Все в таких же крахмальных манжетах, все на такой же белоснежной клавиатуре, но уже землистые, скрюченные подагрой, изуродованные вздутыми венами, они метались, как солдаты в последнем бою.
Зрелище этих рук столь же потрясало, сколь и противоречило всем мажорным сентенциям их обладателя, сидевшего за роялем с лицом, вздетым навстречу неведомому, с веками, вздрагивавшими, как у слепца.
На следующий день после концерта Рубинштейн снова откалывал свои экстравагантные фокусы и рассказывал свои сладкие сказки.
В Израиле Рубинштейна встречали, как в Париже, Нью-Йорке, Лондоне — обожанием и овациями. И в Израиле, как в Париже, Нью-Йорке, Лондоне, Рубинштейн играл самого себя — знаменитого человека и баловня судьбы.

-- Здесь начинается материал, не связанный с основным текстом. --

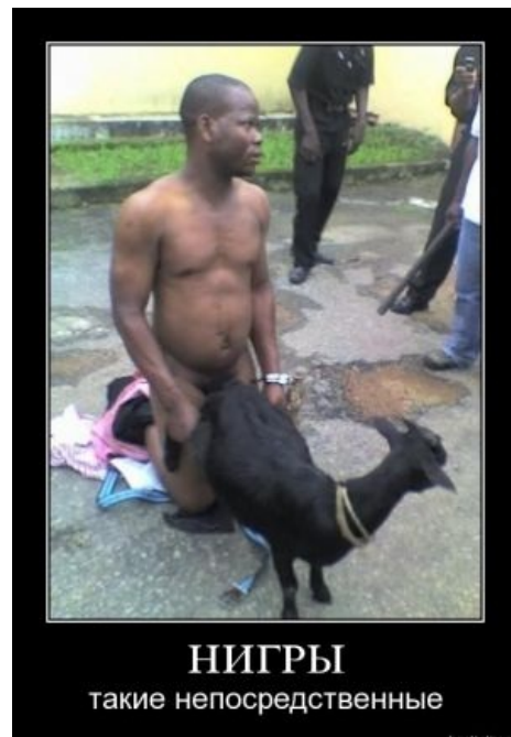
Фото типичного жителя Африки после обработки фотешопом

https://www.youtube.com/watch?v=jPONY2ZG-mU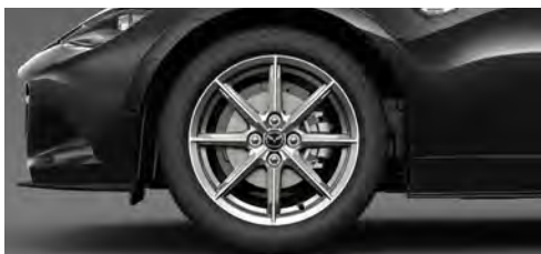
195/50R16 84Vタイヤ&16×6½インチアルミホイール 高輝度塗装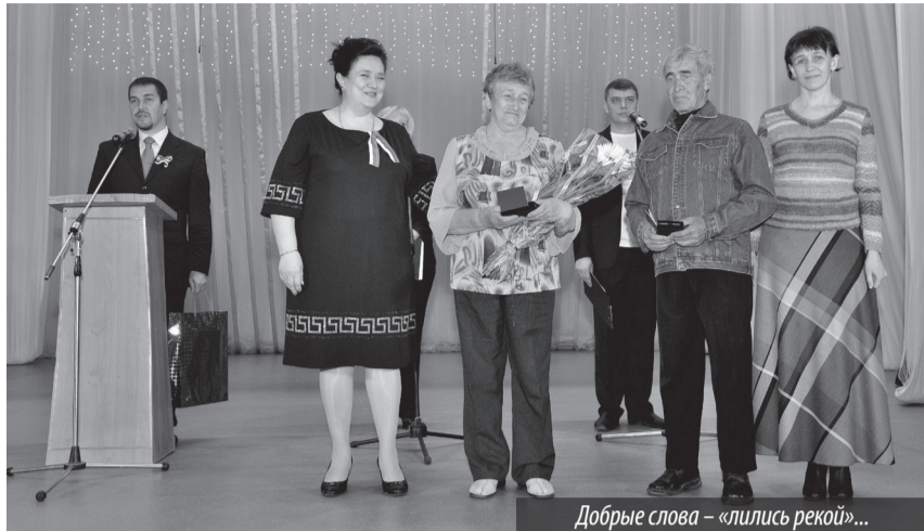
Добрые слова — «плились рекой»...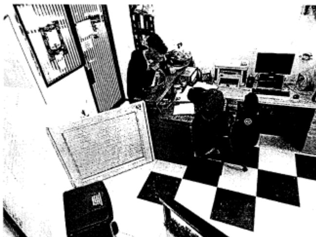
Fotografía 1. Procedimiento de verificación e incautación de un (1) Amazona amazonica (Lora alianaranjanda). Acta Única de Control al tráfico ilegal de flora y fauna silvestre No. 161855.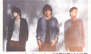
back number ※7月22日(土)出演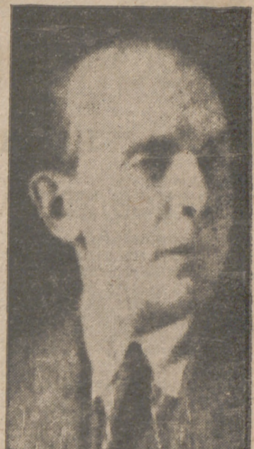
El secretario de Estado en el Ministerio de Justicia del Reich, Dr. Freisler, nuevo presidente del Tribunal Supremo.

"Parte de las fuerzas navales japonesas avanzó hasta el Atlántico y participa actualmente en operaciones estratégicas en colaboración con las flotas del Eje. Un submarino japonés que opera en el Atlántico localmente en una base naval alemana y ha zarpado para la zona marítima estratégica."—Efe.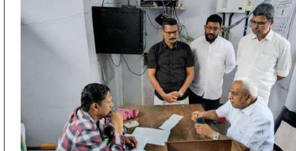
മുസ്ലിം ലീഗ് നേതാക്കൾ നിവേദനം നൽകുന്നു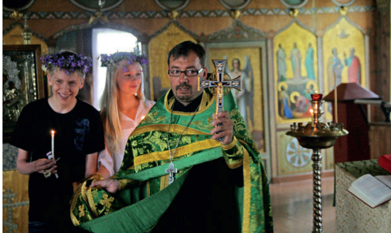
Leirin opetuksiin kuului mm. "avioliittodemo".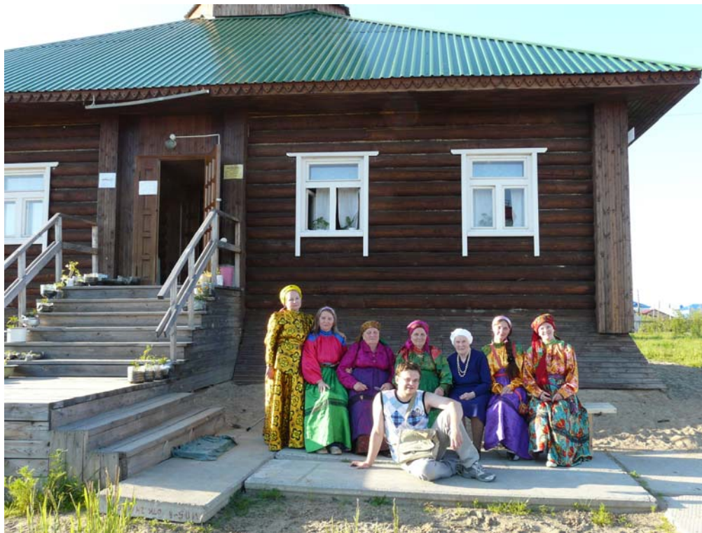
Рис. 6. Музей «Коми изба» в с. Мужы. Фото Н.А. Лискевич, 2009 г.

с. Мужы принимают активное участие в деятельности регионального общественного движения «Изьватас», которое занимается вопросами объединения коми-ижемцев, возрождением культурных ценностей, истории, традиций народа.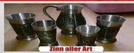
Zinn aller Art

*in Verbindung mit Gold Wir zahlen bis zu 10.000 € für Ihren Pelz!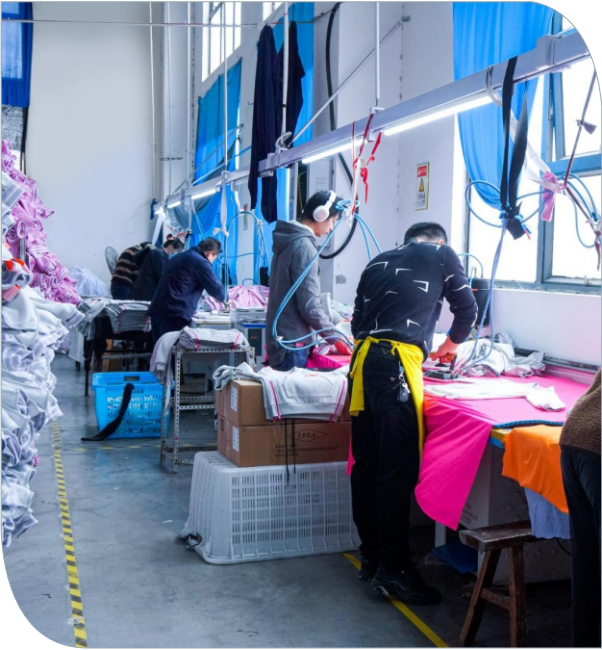
整烫区 Ironing area アイロン区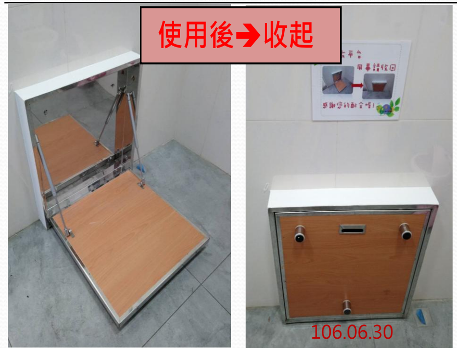
性別友善廁所內亦設置更衣平台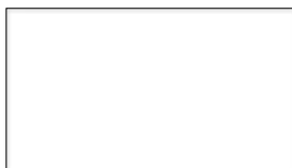
biela (RAL 9002)

Vzorkovník aktuálnych odličňov Primalex Jednovrstvová farba 2v1: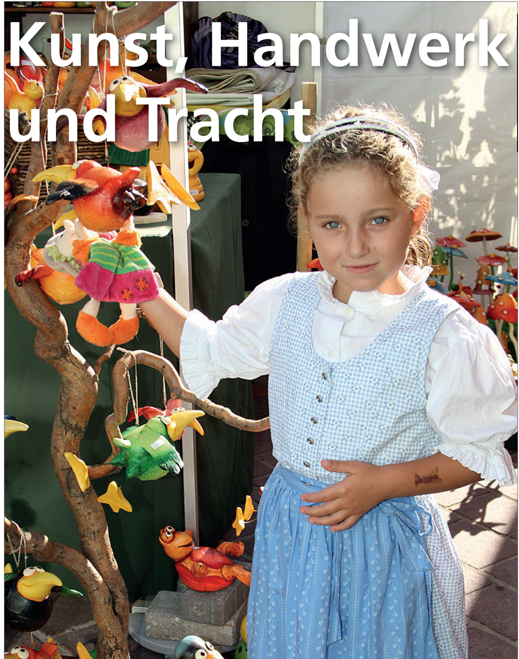
Es ist wieder soweit: Bereits zum vierten Mal findet am Wochenende der Kunsthandwerksmarkt am Haager Hauptplatz statt. Am Sonntag wird beim Dirndlgwand-Sonntag wieder Tracht getragen (S. 4).

Gerhard Stubauer, Bakk. Obmann „Wir Haager!“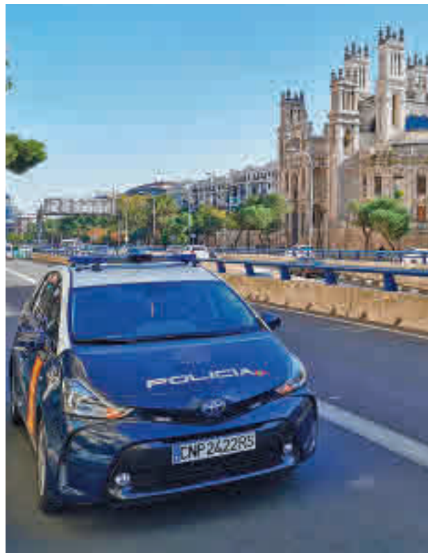
Un coche policial patrulla la zona Centro de la capital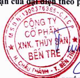
ĐẶNG KIẾT TƯỜNG Chủ tịch HĐQT

Xác nhận của đại diện theo pháp luật của Công ty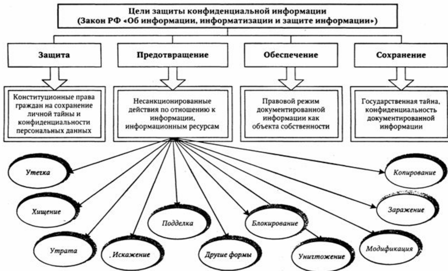
Схема 4. Цели защиты, объекты и угрозы конфиденциальной информации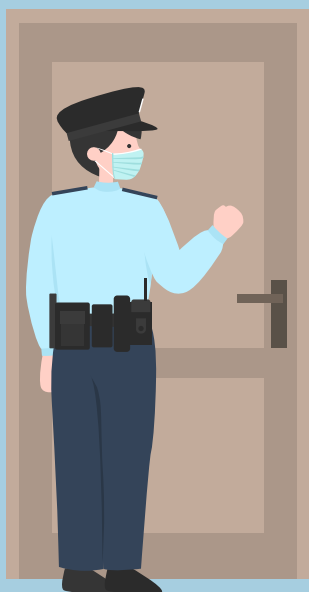
Pemeriksaan di Tempat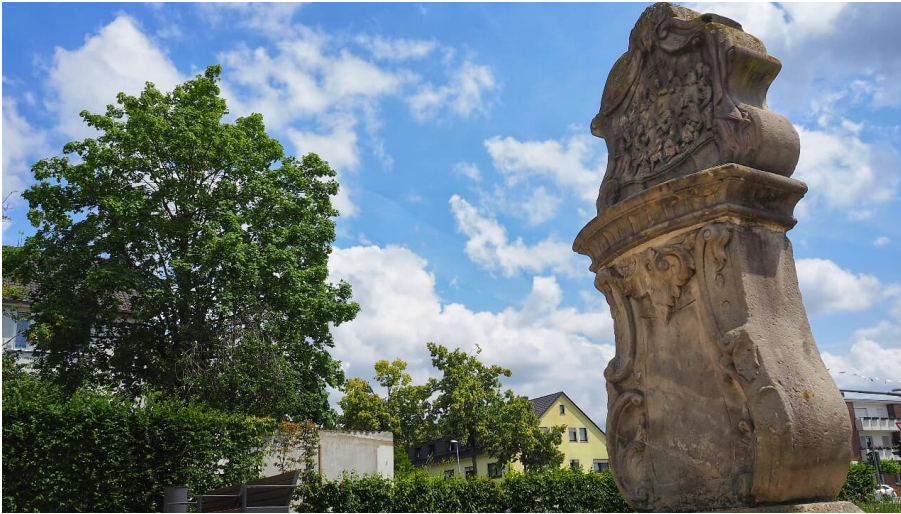
Apostelstein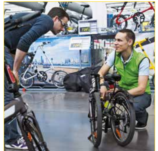
Vendeur d'articles de sport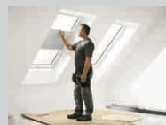
Montáž rolet a žaluzií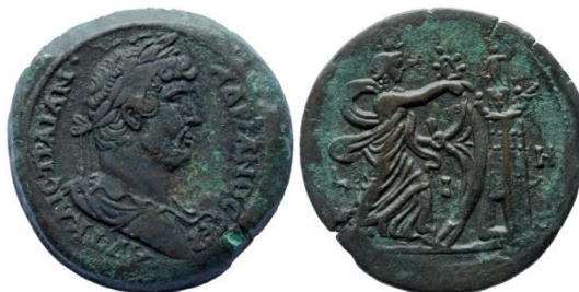
Hadrianus, drachme, 133/134.

Isis werd aan de haven van Alexandrië gelinkt als Isis Pharia (Isis van de vuurtoren). Hierbij houdt ze vaak een zeil vast, zodat de schepen veilig naar de haven zouden varen. Dit type werd geslagen van Caracalla tot Marcus Aurelius.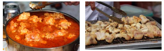
各店自慢の料理で勝負！安くて旨い！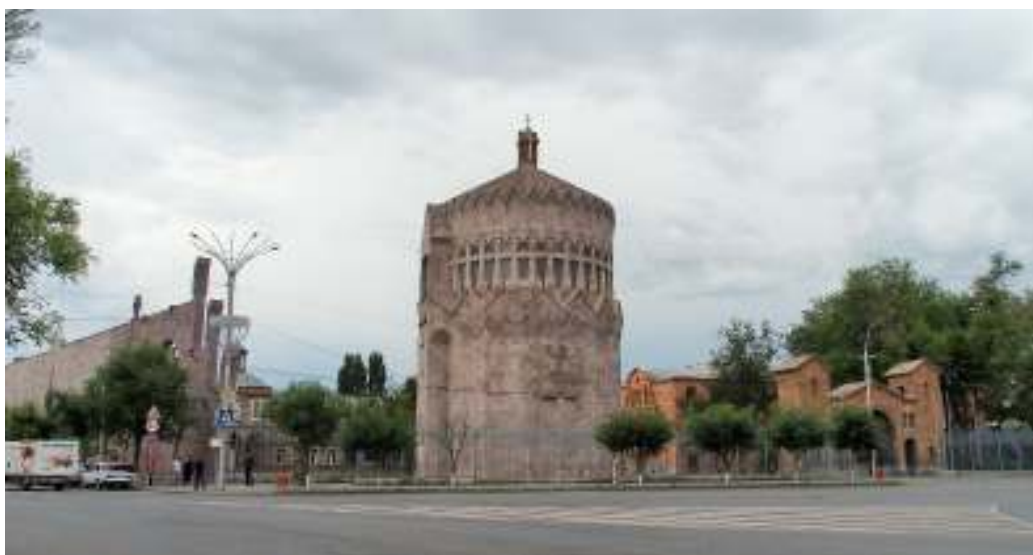
アルメニア正教会総本山エチミアジン大聖堂敷地を大通り交差点から見る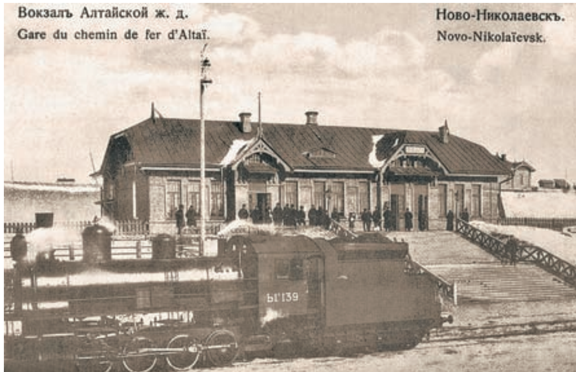
Вот такие паровозы были первыми на железной дороге.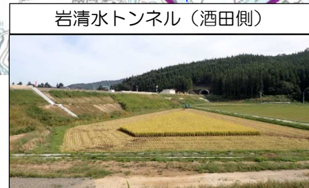
岩清水トンネル (酒田側)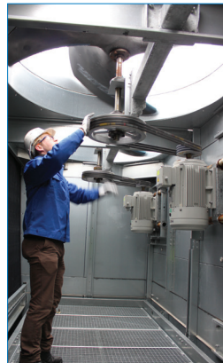
Система привода вентилятора легко доступна при стоянии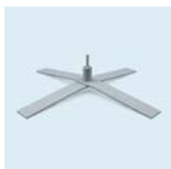
Kreuzfuß mit Rotator Durchmesser: 100 cm Gewicht: 17 kg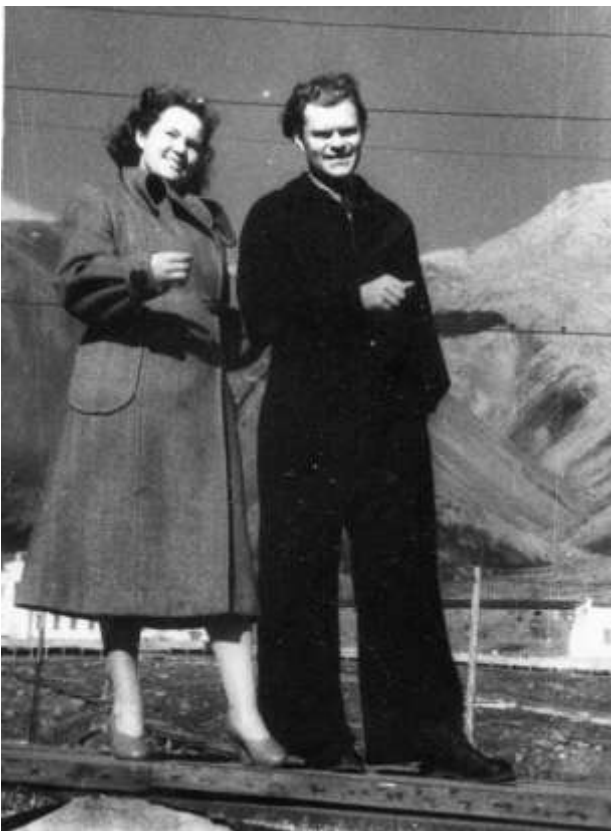
Мати й батько, Шпіцберген, 1956 р.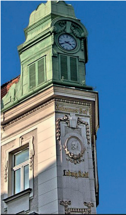
Ludwig Riedls Relief am Johanneshof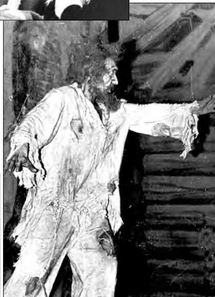
Morarul („Rusalka”, Alexandr Dargomijski), anii de studenție, 1972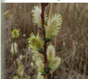
Le Saule rampant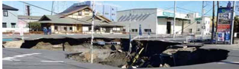
埼玉県八潮市の事故の様子

市では、大きな事故にはつながっていませんが、最近では特に給水管からの漏水が目立ってきています。年間10キロを目標に進めている耐震性のある配水管への布設替えと合わせて給水管の更新も行っていきます。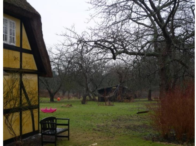
Række af Bedre Byggeskik på Badstuen (tv). Æbletræer bag hus på Grønnegade (th).

Однако его настойчивые приезды свидетельствовали о том, что Иерусалим для него не был ни Парижем, ни Нью-Йорком, ни Лондоном. Что в Иерусалим его тянуло так же, как любого безвестного старого еврея-паломника. Подобно несметному числу других евреев, наезжающих в Израиль из Парижа, Нью-Йорка, Лондона, старик-паломник молчал — в любви к Израилю объяснялась всемирная знаменитость.
Когда пришло известие о кончине Артура Рубинштейна, наше телевидение сопроводило это сообщение одним документальным эпизодом, не показанным до сих пор.